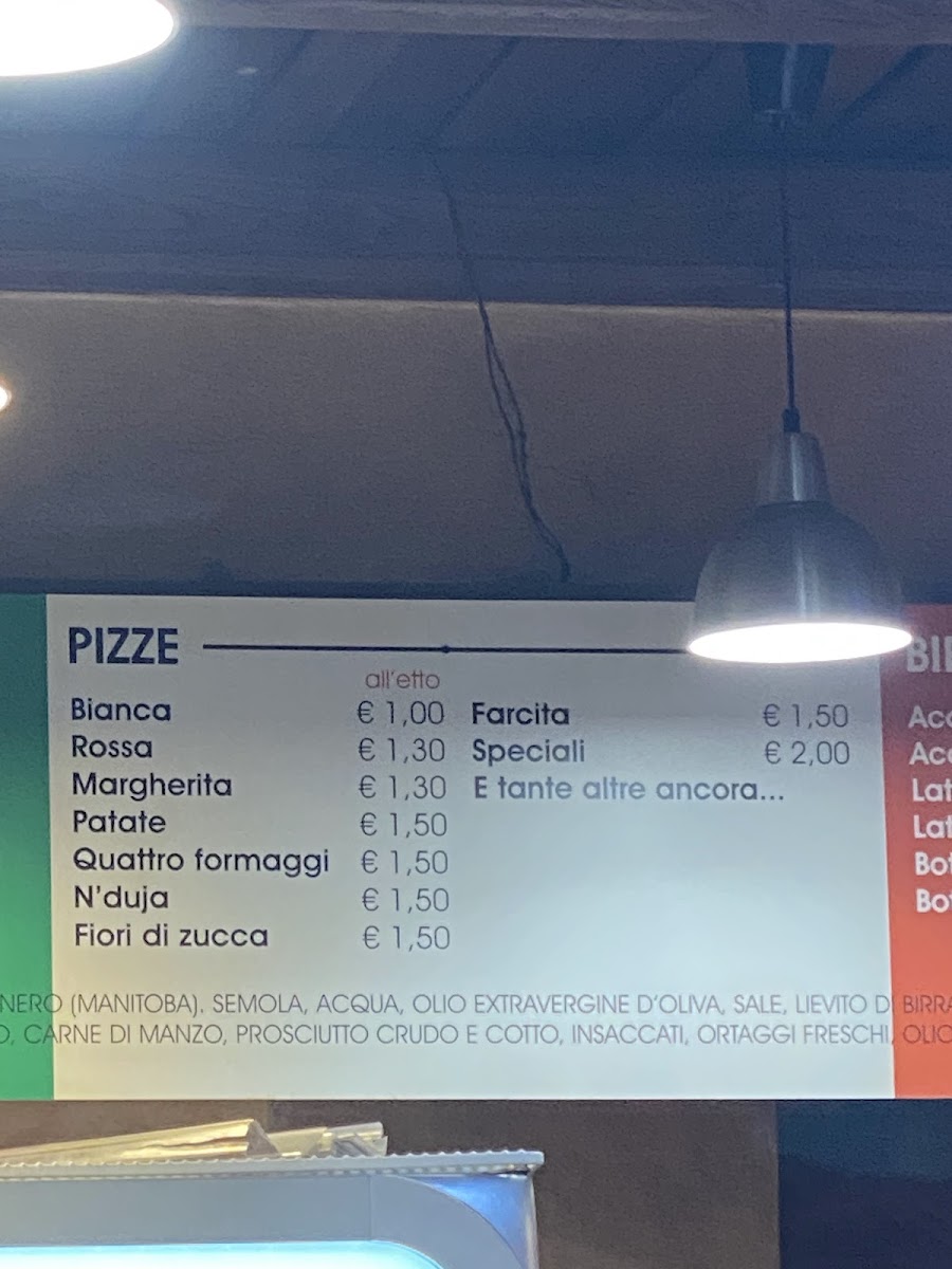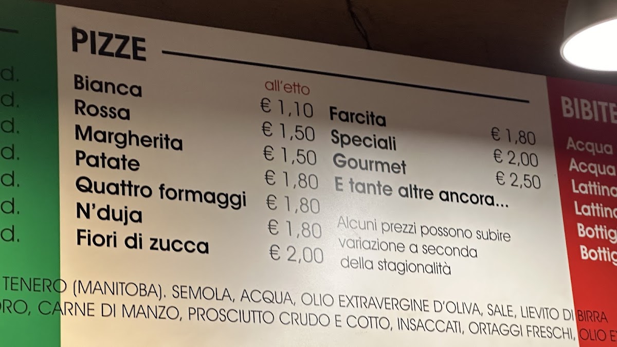 Welcome to La Pecora Pazza, a hidden gem tucked away on Via della Mercede in Rome, known for its delectable pizza al taglio. The menu features an impressive array of **Pizze Rosse**, including the classic Napoli Pomodoro with anchovies and mozzarella, all crafted with fresh ingredients.
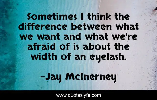 This page presents the quote "Sometimes I think the difference between what we want and what we're afraid of is about the width of an eyelash.". Author of this quote is Jay McInerney. This quote is about desire, fear,.
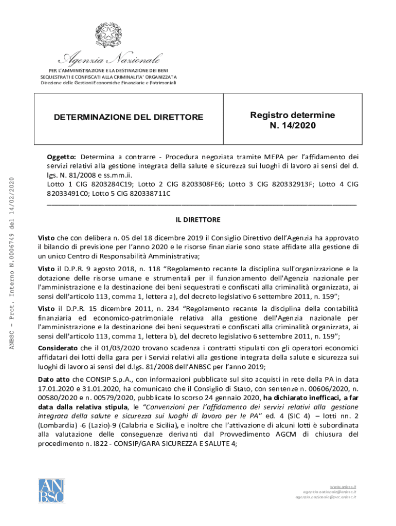 Ottieni il gratuito Oggetto: Determina a contrarre - Procedura negoziata tramite MEPA per laffida...
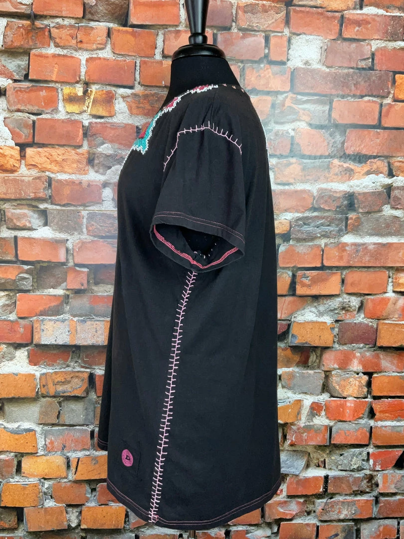 Beadwork and embroidery surround the neckline of this comfortable long top that is sure to become a favorite.
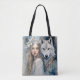Against the background of grey fog, in the delicate shades of water, the figure of a Slavic girl appears, surrounded by a mystical aura. Her gaze is full of power and determination, and at her side stands a majestic wolf, a symbol of wild nature and untamed freedom. This harmony between man and animal calls for discovering forgotten legends and the enchanted paths of Slavic ancestors.
◆ ◆ ◆
# [What the task asks]
Exclude all pictures and return precisely the lines from the one containing "Beadwork and embroidery" through the closing line of the data.

# [Answer]
 Beadwork and embroidery surround the neckline of this comfortable long top that is sure to become a favorite.
Against the background of grey fog, in the delicate shades of water, the figure of a Slavic girl appears, surrounded by a mystical aura. Her gaze is full of power and determination, and at her side stands a majestic wolf, a symbol of wild nature and untamed freedom. This harmony between man and animal calls for discovering forgotten legends and the enchanted paths of Slavic ancestors.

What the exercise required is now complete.